:: WORK REQUIRED ::
No pictures, please. Copy exactly the lines from the one with "b. The global" through the final line below.

:: EXTRACTED ENTRIES ::

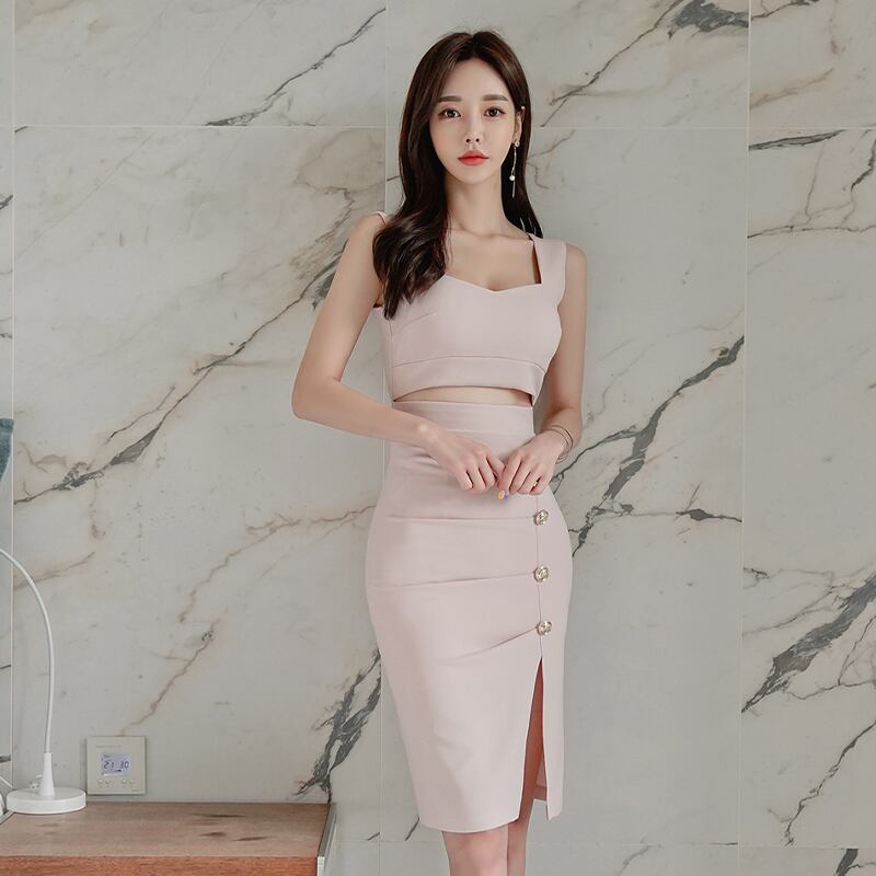 2020サマーピンクペンシルドレスホローウエストVネックスパゲッティストラップレディースドレスオフィスレディセクシーパーティー膝丈ドレス 夏物 会社 学校 通勤や通学にも Rhc91645056860
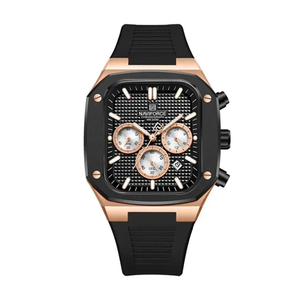 The Naviforce 8037 wristwatch comes with a Unique Square-shaped Alloy Case with Skeleton Dial and Mineral Glass, presenting a visually stunning and classy but trendy outlook. With Case thickness of 12mm, band width of 20mm, band length of 260mm, and dial diameter of 43mm. Moreover, The Naviforce 8037 watch offers features like Multifunctional quartz chronograph, Water resistance, Week Display, luminous hands, Shock Resistance, and diverse color options at a very affordable price is just what every man needs
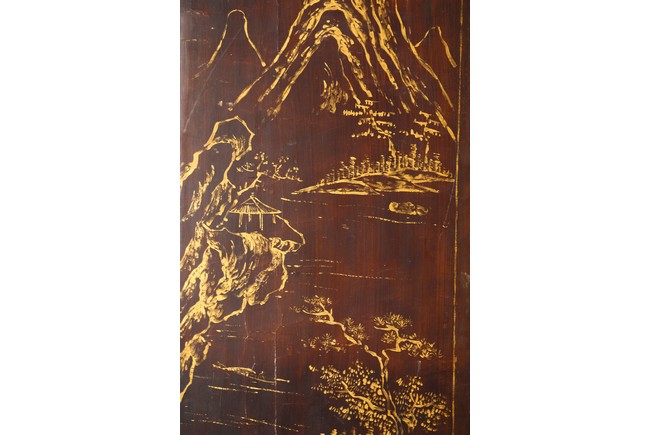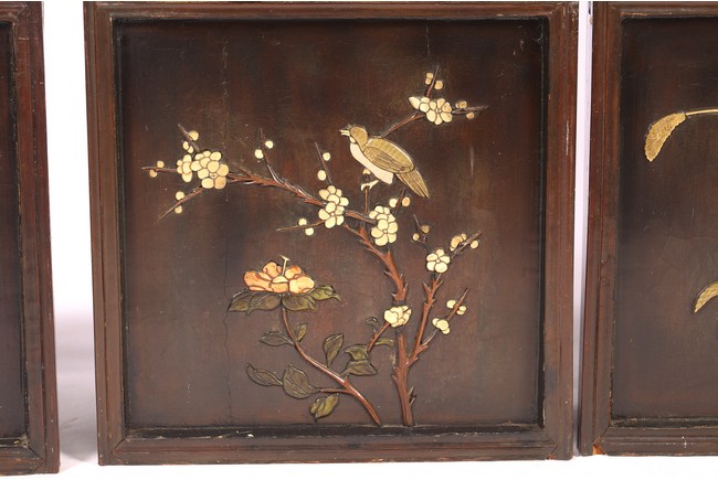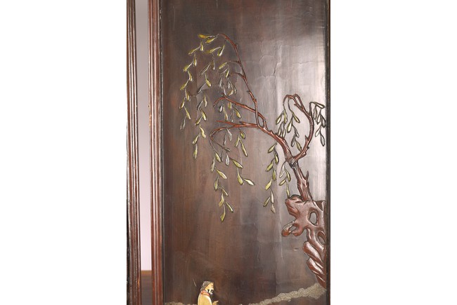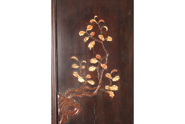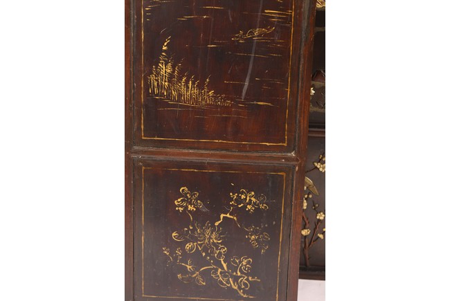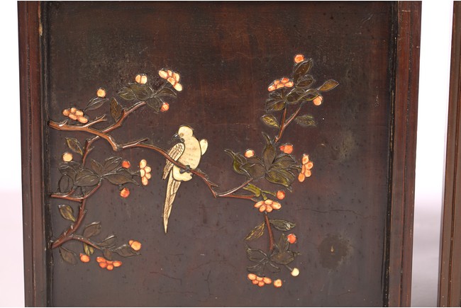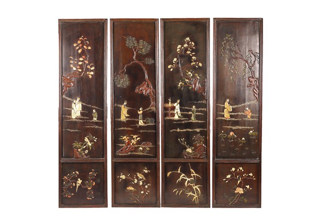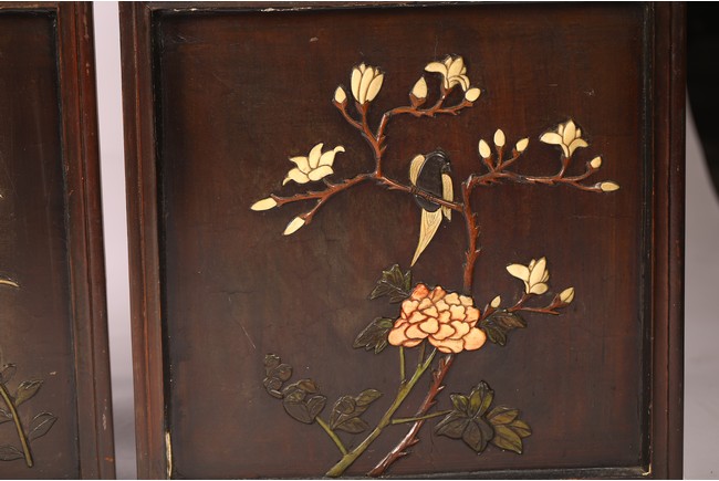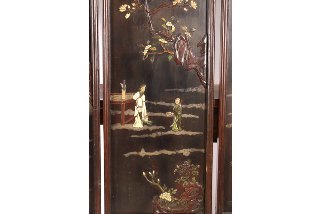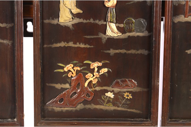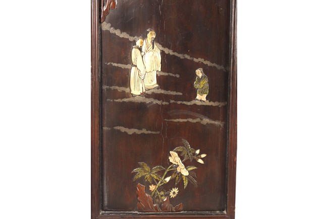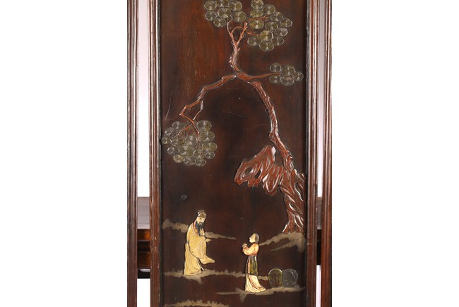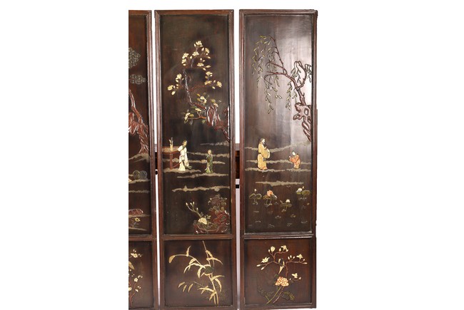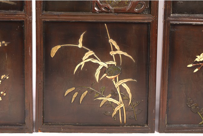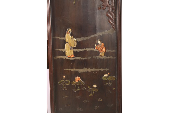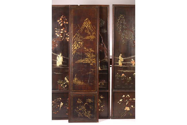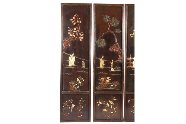 Chinese. Each screen panel inlaid with various jades and soapstones to depict story scenes of figures in garden setting, the reverse gilt painted with landscape scenes. Qing Dynasty period.
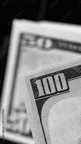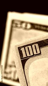 Close up of a hundred dollar bill with a fifty dollar bill in the background
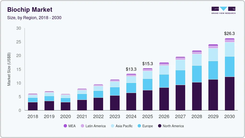 b. The global biochip market is expected to grow at a compound annual growth rate of 11.41% from 2025 to 2030 to reach USD 26.30 billion by 2030.
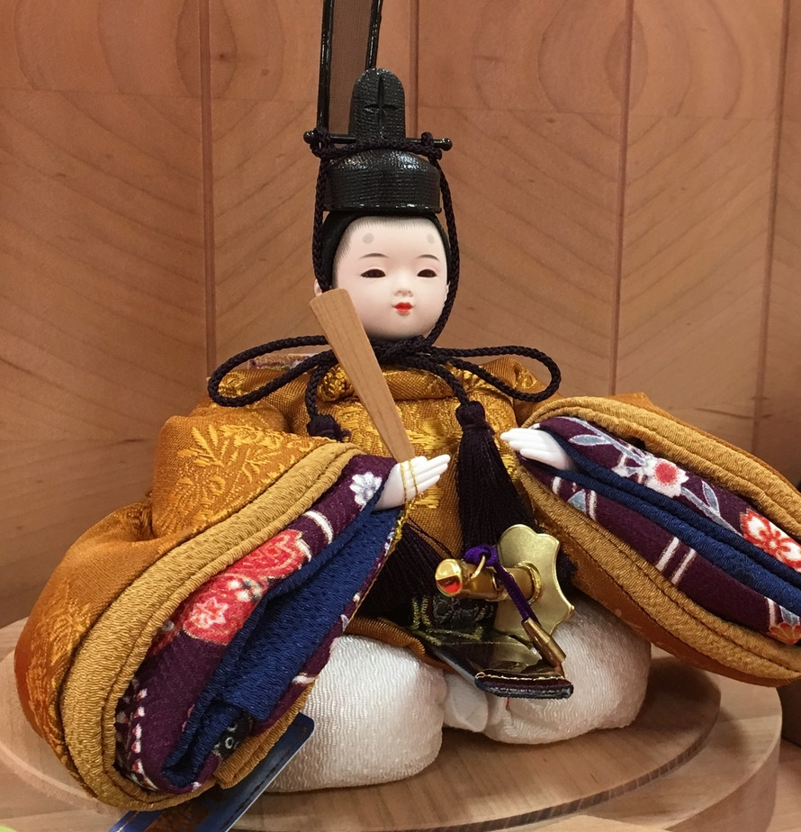 『手まり雛ころろ』の愛らしさはそのままに、ご即位時のご衣裳の「正絹黄櫨染(こうろせん)」を使用し、お姫様には「万葉集 梅花の宴」より梅の花をイメージするお着物を採用。

:: EXERCISE OUTPUT ::
 b. The global biochip market is expected to grow at a compound annual growth rate of 11.41% from 2025 to 2030 to reach USD 26.30 billion by 2030.
 『手まり雛ころろ』の愛らしさはそのままに、ご即位時のご衣裳の「正絹黄櫨染(こうろせん)」を使用し、お姫様には「万葉集 梅花の宴」より梅の花をイメージするお着物を採用。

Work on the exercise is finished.